Writing a Will is a defining moment in life; the type that should come with a backing track and soft lighting. It forces you to really consider your legacy and what will happen after you are gone.

The assumption of most is that you have complete power over your Will. That your words will reverberate for your children, grandchildren and (if worst came to worst) in the courts. However, this is not necessarily the case.

Certainly, we live in a democratic country and are afforded what is referred to as testamentary freedom.

However, this only stretches so far before the hand of the law steps in. If your Will undermines the financial welfare of a close family member (for example a spouse or child), especially if that child was financially dependent upon you there may be grounds to contest. This does not mean that a child has an automatic right to inherit money; just that a parent has a responsibility to provide for their child even after they are gone.


In other words in much the same way you have the right to leave your child out of your will, they have the right to appeal your decision.

A child could also contest your will based on five factors:

1. Forgery or Fraud

This means a claimant can argue that the signature is not valid. This happened, recently, in 2007 when the son of an, immensely rich Mr. Leonard Supple was left only £100 a year whilst his illegitimate half-sister was left the rest of his, pretty considerable, £18 million estate. The judge ruled the will was forged on the (rather rational) argument that it just didn’t resemble others he had written. It meant Mr. Supple died without will and his inheritance was instead split two ways. This also refers to wills made based on lies- if Peter told Paul a lie to increase his share of a will, this is fraud.

2. Undue Influence

When a third party is thought to have exerted pressure on the deceased in the writing of their will. It essentially invalidates the will as no-one should be pressured into making a decision regarding the inheritance rights of their family.

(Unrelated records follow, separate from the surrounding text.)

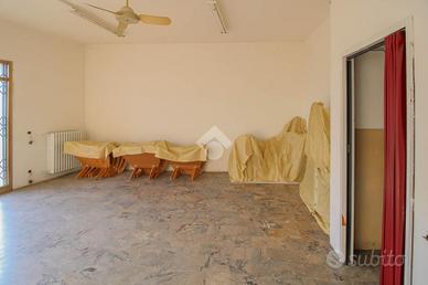 Proponiamo in locazione un ufficio che dispone di una superficie di circa 80 metri quadrati, posto al piano terra di un edificio di tre piani.
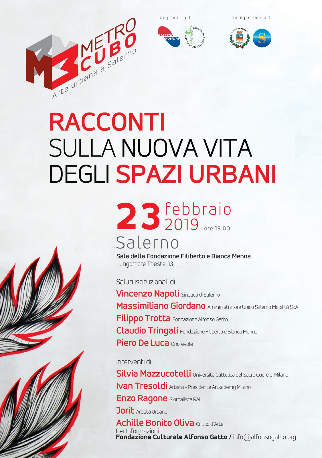 Nell'ambito del progetto Metro Cubo, si terrà sabato 23 febbraio, alle ore 19, nel salone di rappresentanza della Fondazione Bianca e Filiberto Menna, a Salerno, la tavola rotonda dal titolo "Racconti sulla nuova vita degli spazi urbani". Si tratta di un evento realizzato da Salerno Mobilità, in collaborazione con la Fondazione Alfonso Gatto, con il patrocinio del Comune di Salerno.
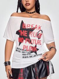 Grunge Punk T-shirt ample décontracté à épaules dénudées avec motif pentagramme punk, grande taille
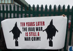Yet a look at the front pages of today’s newspapers reveals that not one has chosen to remember that the invasion was exactly 10 bloody years ago. However, the bosses of EDO-MBM, one of the UK arms factories that has profited from the war had no choice but to mark the day.
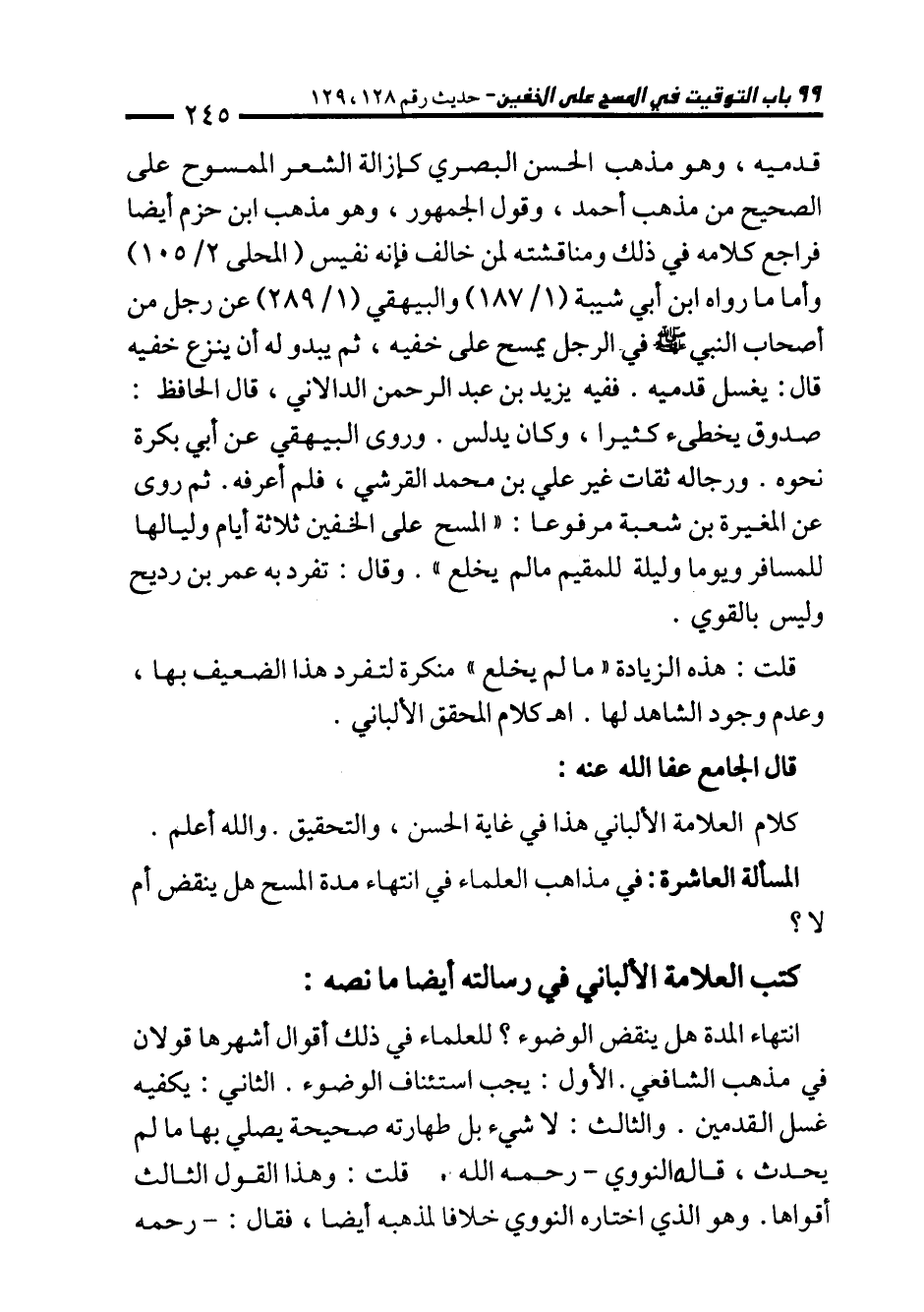 قدميه، وهو مذهب الحسن البصري كإزالة الشعر الممسوح على الصحيح من مذهب أحمد، وقول الجمهور، وهو مذهب ابن حزم أيضا فراجع كلامه في ذلك ومناقشته لمن خالف فإنه نفيس (المحلى 2/ 105) وأما ما رواه ابن أبي شيبة (1/ 187) والبيهقي (1/ 289) عن رجل من أصحاب النبي - صلى الله عليه وسلم - في- الرجل يمسح على خفيه، ثم يبدو له أن ينزع خفيه قال: يغسل قدميه. ففيه يزيد بن عبد الرحمن الدالاني، قال الحافظ: صدوق يخطئ كثيرا، وكان يدلس. وروى البيهقي عن أبي بكرة نحوه. ورجاله ثقات غير علي بن محمَّد القرشي، فلم أعرفه. ثم روى عن المغيرة بن شعبة مرفوعا: "المسح على الخفين ثلاثة أيام وليالها للمسافر ويوما وليلة للمقيم ما لم يخلع". وقال: تفرد به عمر بن رديح وليس بالقوي.
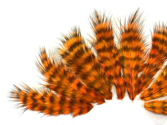1 Dozen - Orange Grizzly Mini Rooster Chickabou Fluff Whiting Hair Feathers
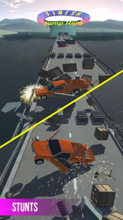 看着你的汽车在每一个环节都上演疯狂又震撼的特技。瞧瞧那些最惊险的碰撞和飞跃,还能分享给朋友。把发动机的飞行潜能拉满,让它冲上最高处。你开得越快,飞得就越远,被撞毁的东西也越多!

3. Testamentary incapacity

The legal way of saying the person really had no idea what was going on and wasn’t able to write a will. This is something experts expect to increase as people are living to an increasingly old age.

4. Knowledge and approval

If a judge believes the deceased did not understand the will fully due to use of excessive legal jargon or bad representation. This also alludes to any suspicious circumstances- for example if your Great Aunt Edna happened to leave the executor of her will her rare doll collection there would be grounds to contest.

5. Negligently Drafted

This means the person writing the will didn’t understand fully the legal and moral obligations involved. If there are any problems at all with the will, lawyers are trained to pick them apart and find holes in the law invalidating the will.

Ensuring your will is written professionally, proficiently and perceptively is extremely important. Working with a will writer cannot ensure your hopes will not go uncontested, but it will make it significantly more difficult. Remember: if you want to have control over your future legacy; it is important to take control now.